Riot police used pepper spray and batons against some of the protesters in Havana on Sunday, but in the evening they had not directly confronted the majority. Witnesses saw men dressed in civilian clothes dragging some protesters to the police cars they were waiting for and reported that they had seen special forces jeeps with machine guns mounted on the street.

Protests were also reported in the city of Palma Soriano, in the east of the country, near Santiago and also in San Antonio de los Baños, in the south of Havana, where protesters shouted: “Down with the dictatorship ! ” In Matanzas, a video on social media showed protesters knocking over cars.

President Miguel Díaz-Canel delivered a national emergency speech on television on Sunday afternoon that interrupted the scheduled football coverage and told Cubans: “We will not allow anyone to manipulate our situation. . . the order to fight has been given, the revolutionaries on the street. “

Protests appeared to have begun in San Antonio, where residents chanted anti-government slogans and demanded a halt to coronavirus restrictions and blackouts. Diaz-Canel visited the city and later said the protesters had been manipulated by U.S.-led campaigns on social media.

In Havana, some protesters wearing masks said they were tired of the communist system, the dollar shops used to sell scarce products and the lack of medicines. Social media was flooded with videos posted about the protests.

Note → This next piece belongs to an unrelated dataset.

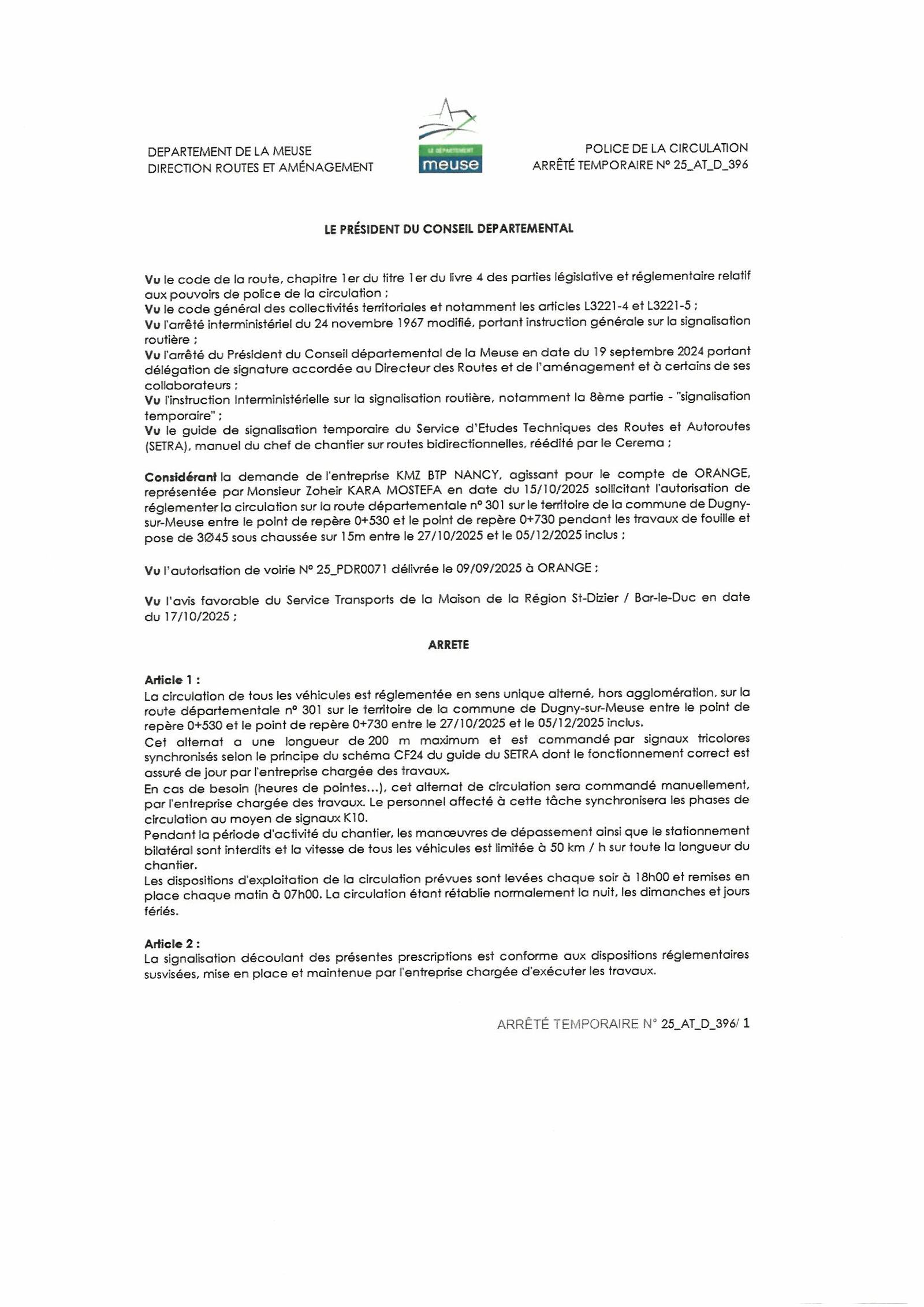 Arrêté préfectoral circulation alternée sur une portion de la D301

In Miami, members of the large Cuban-American community took to the streets to show support for the protests, and Republican Gov. Ron de Santis tweeted: Havana. The Cuban dictatorship has repressed the people of Cuba for decades and is now trying to silence those who have the courage to protest against their disastrous policies. “

Cuba has been facing its worst economic crisis since the collapse of the Soviet Union in 1991, its main sponsor until then. The coronavirus has devastated tourism revenues, the main exporter, and the stricter US sanctions imposed by the Donald Trump administration have drowned the economy. So far no hope has materialized for the Joe Biden administration to facilitate sanctions.

The Díaz-Canel government tried to introduce limited economic reforms at the beginning of the year, severely devaluing the peso and allowing more freedom to the private sector, but they had little impact in the midst of a deep recession. Food and fuel shortages have worsened and many Cubans spend hours queuing for commodities.

In April, Raúl Castro he left the post as head of the Communist Party at the age of 89, marking the first time since the 1959 revolution, led by his brother Fidel, that a Castro had not been at the head of the country.

The carefully choreographed transition to a younger generation of leaders came months after a protest by the San Isidro artist collective against the lack of freedoms on the island. A rap song written earlier this year by dissident musicians of the group subverted the consecrated Cuban revolutionary slogan “Patria o Muerte” (“Homeland or Death”), replacing it with “Patria i Vida” (“Homeland and Life”) – a phrase called Sunday by some of the protesters.